AVAILABLE DATA —
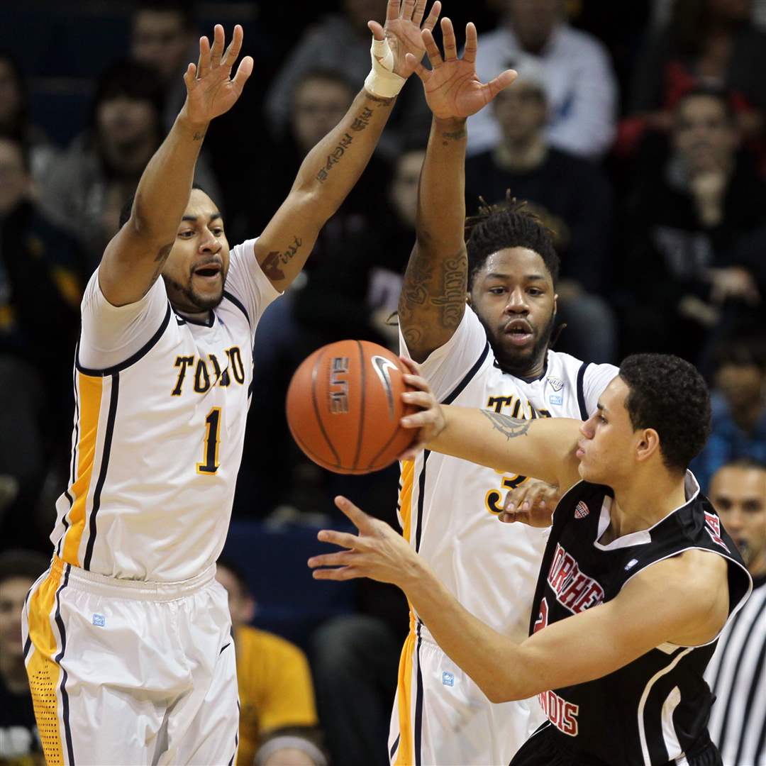University of Toledo guard Dominique Buckley (1) defends against Northern Illinois forward Abdel Nader (23).
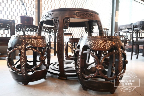 回溯到上世纪五六十年代,长影筹拍《甲午风云》时,道具师为了还原历史场景,四处寻觅合适的道具,最终在北京故宫的院落里,发现了这批被闲置的老红木家具。因道具与影片场景高度契合,长影向上级申请调拨,经协调后,这批红木家具由上影、北影、长影三家电影厂均分,其中一部分便就此落户长影。如今数十年过去,这批红木家具依旧完好如初:厚重的木料透着扎实的质感,精致的雕花与榫卯结构,尽显旧时手艺人的精湛技艺。
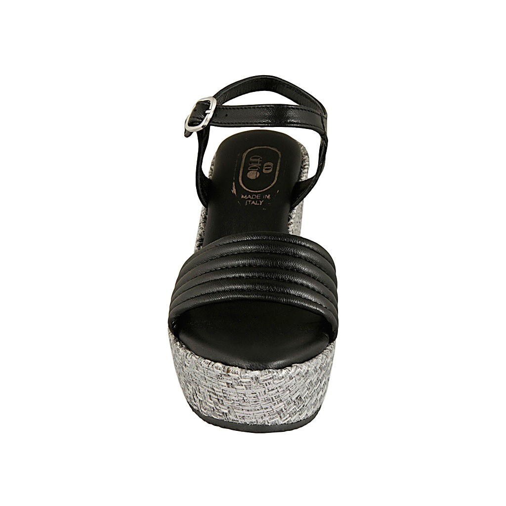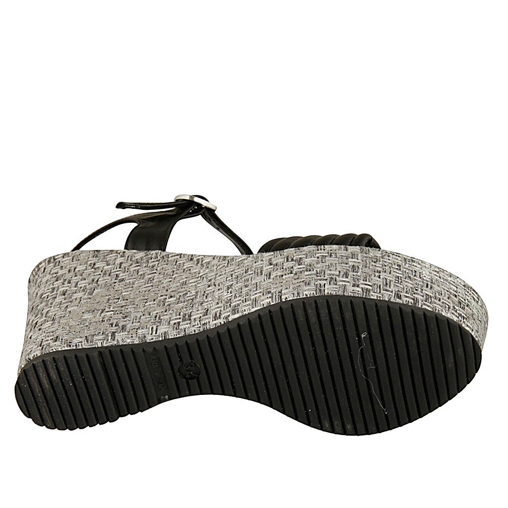 Damenriemsandale mit Plateau aus schwarzem Leder und grauem Stoff Keilabsatz 9 - Verfügbare Größen:  34, 42, 43, 44, 45
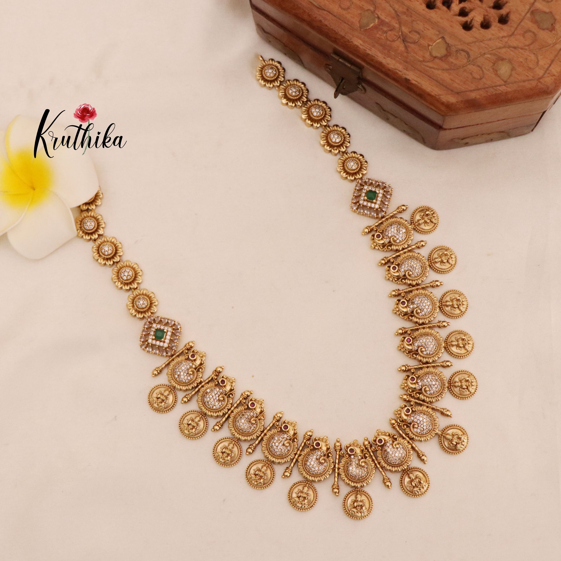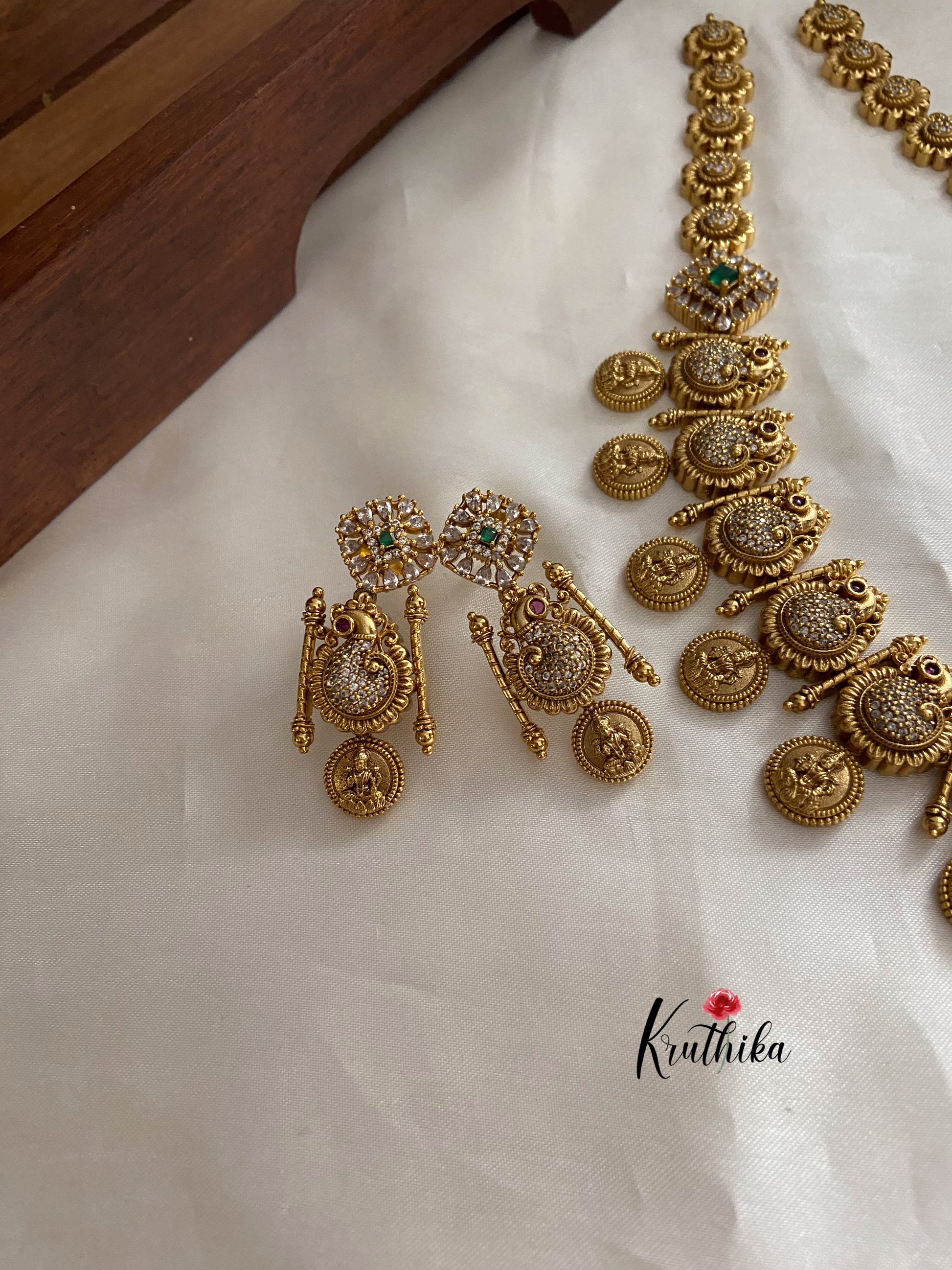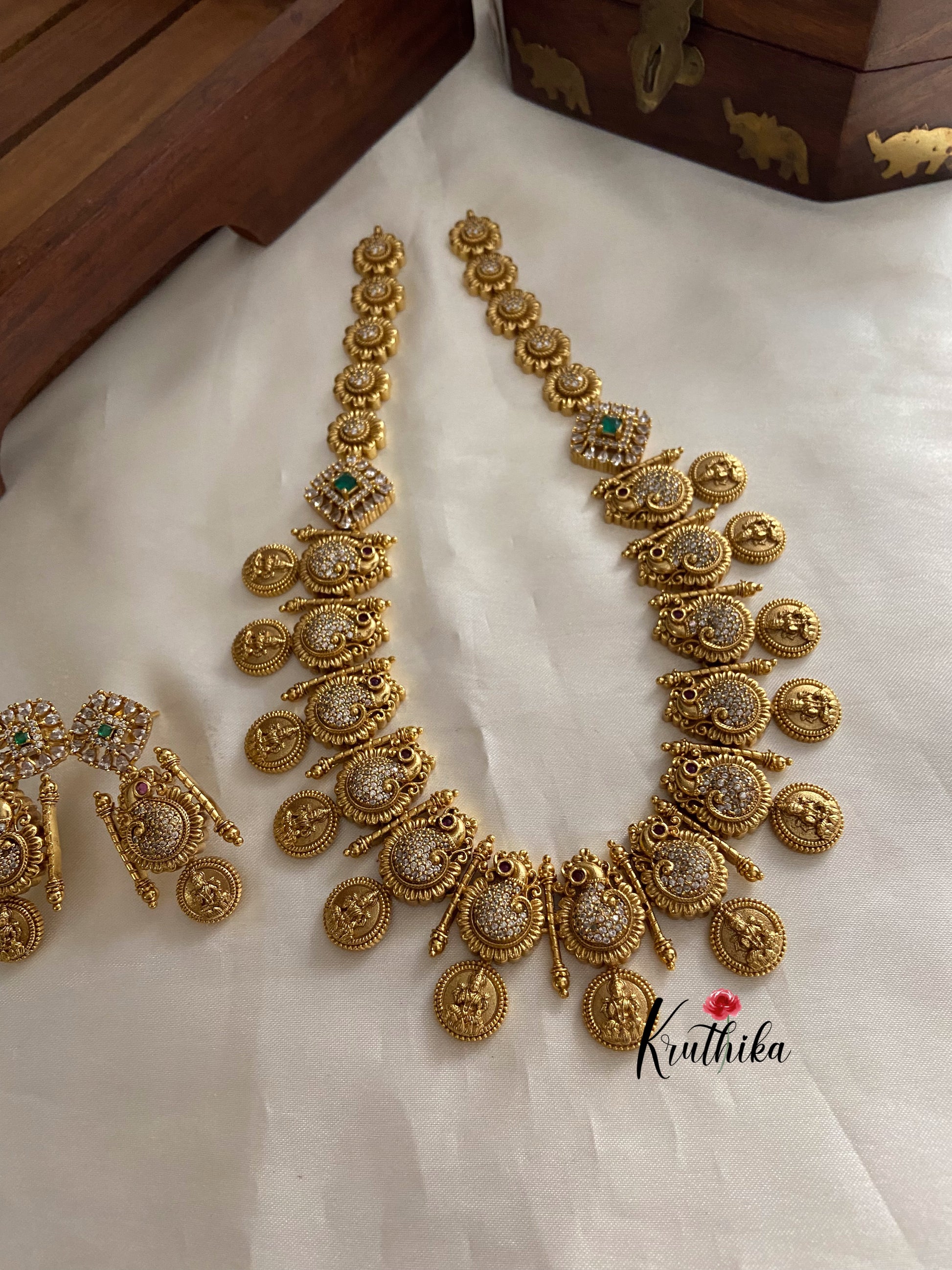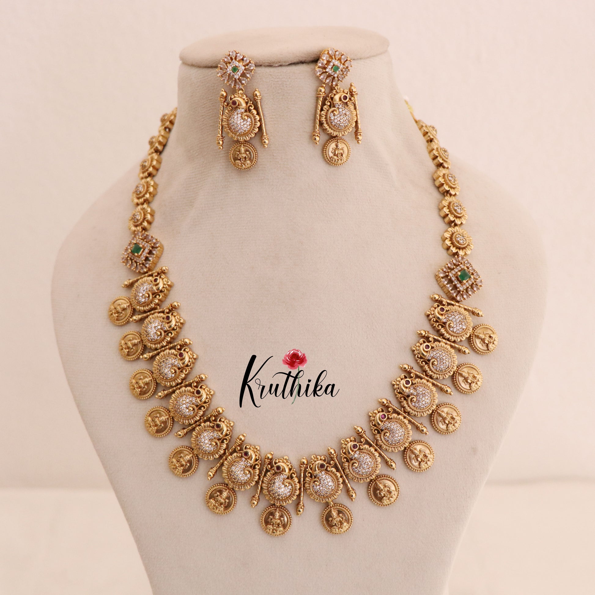 Enhance your style with our stunning AD peacock kasu Haaram, paired perfectly with matching earrings. Crafted with high-quality stones & beads, this set combines timeless elegance with a modern touch. Ideal for special occasions or adding a touch of glamour to your look.

EXERCISE PROMPT — Starting with the line that holds "Damenriemsandale mit Plateau", repeat exactly every line through the end of the material above, both ends included, without the pictures.

RESULT OF THIS EXERCISE —
 Damenriemsandale mit Plateau aus schwarzem Leder und grauem Stoff Keilabsatz 9 - Verfügbare Größen:  34, 42, 43, 44, 45
 Enhance your style with our stunning AD peacock kasu Haaram, paired perfectly with matching earrings. Crafted with high-quality stones & beads, this set combines timeless elegance with a modern touch. Ideal for special occasions or adding a touch of glamour to your look.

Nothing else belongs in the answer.